The Cat of Portovecchio: Corfu tales by Maria Strani-Potts F / STRA
A delightful book for all readers covering life on all levels on a Greek isle, stories about believable ( and unbelievable) people and a very smart cat. Descriptions of scenery and people are excellent. You almost seem to be living there. The local receipes are an added bonus.

Sword Song by Bernard Cornwell HISTORICAL / CORN
Cornwell’s usual brisk tale of mayhem in Saxon/Viking Britain. Its Richard Sharpe again in mail and longboat, ever victorious, ever maligned and treated like dirt by the priviledged and favoured of King Alfred (Wellington again). Swords instead of muskets & cannons. 3 stars.

The Conjurers Bird by Martin Davies F / DAVI
I particularly enjoyed the almost seamless way the author joined the timeframes—no turning back to connect the two stories. The final denouement was a classic, money doesn’t win.
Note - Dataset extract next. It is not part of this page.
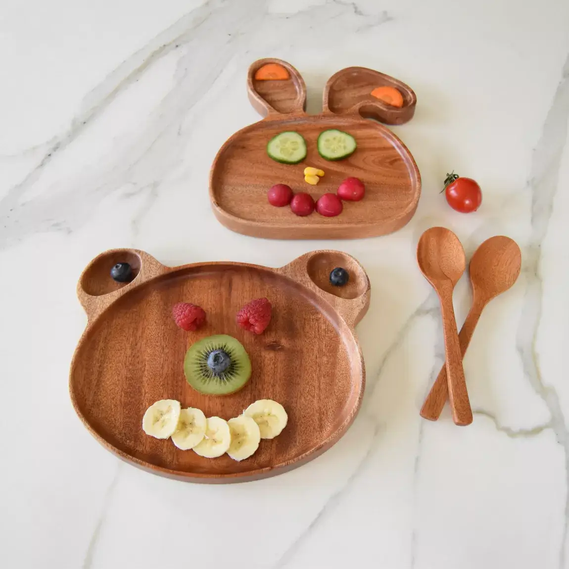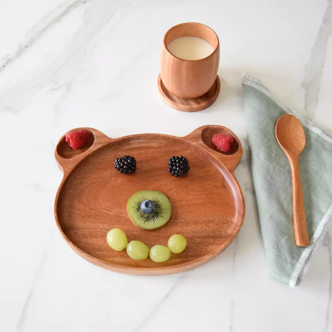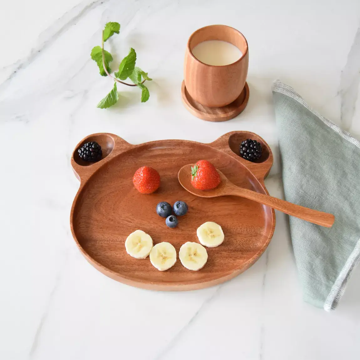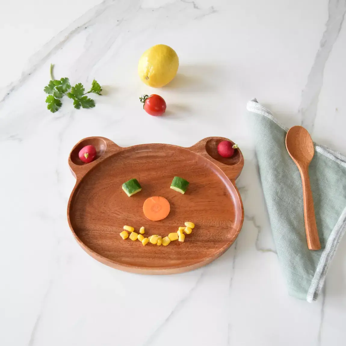 Gefertigt aus hochwertigem Khaya-Holz und mit lebensmittelechtem Öl behandelt, ist der Teller nicht nur schön anzusehen, sondern auch perfekt für den Alltag und kleine Hände gemacht.

A good read. 4 stars.

Lydia Cassatt Reading the Morning Papers by Harriett Scott Chessman F / CHES
Although this book has been in the Library for some years, I have not come across it before. I found it to be a lovely, lyrical read and I particularly liked the way the author has depicted Degas and the other Impressionist painters in an everyday setting.

Big Shots by Adam Shand 364.1 /SHAN
Adam Shand writes this rather complicated (complicated due to following a myriad of names; relationships and connections) story more like a chronicle of media (e.g. the Bulletin) expose. He interestingly displays his naivety in writing about Victoria’s well publicised criminal underworld however, shows some unknown insights behind criminals and their families. 3 stars.

The Last Good Man by Patience Swift F / SWIF
A strange book in some ways. Jumps from being rather real to be very superficial especially at the end. 2 stars.